I'd like to install Ubuntu to my little SSD disk, and some core applications like Firefox, Inkscape, and Office, but install all other applications with apt
to my big hard disk and my home folder (stuff like games, virtual instruments, documents, Haskell/Dart/Rust/npm frameoworks).
How can I do this easily please at install time, or later?
All the answers on here just seem to be people judgmentally saying "you don't need to do that" from a time before SSDs existed I think.
Surely there's a good way in 2022 to accomplish this common task in Ubuntu.
The automated APT package management system expect a standard system file structure, which you may not change (unless you are prepared to implement your own system, or prefer to compile manually.
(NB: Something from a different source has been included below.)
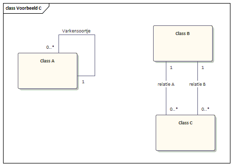 - Relatie Class A en Class B: relatienaam = "Relatienaam"

Even a little SSD disk of 30 GB (you did not specify the size) should be adequate to host the system files of a Linux system. Your first option therefore is to see whether you have user data on that SSD (home directories, other data elsewhere) that can be moved.
In the unlikely case that you really have a very small SSD, you still can move system directories rather simply to another data volume by replacing the original directories by a symbolic link pointing to the new location.
/opt
is a very good candidate to move first. It is the directory where manually installed binaries are placed./tmp
and/var/tmp
will benefit from moving out to a larger storage volumeIf you use containerized applications, e.g. snap or flatpak, moving out
/var/lib/snapd
or/var/lib/flatpak
will gain gigabytes of space.Even specific directories of specific applications can be moved out - the system will find them through the symbolic links.
Needles to say is that these interventions require that the system is not running. Do that, therefore, from a live session.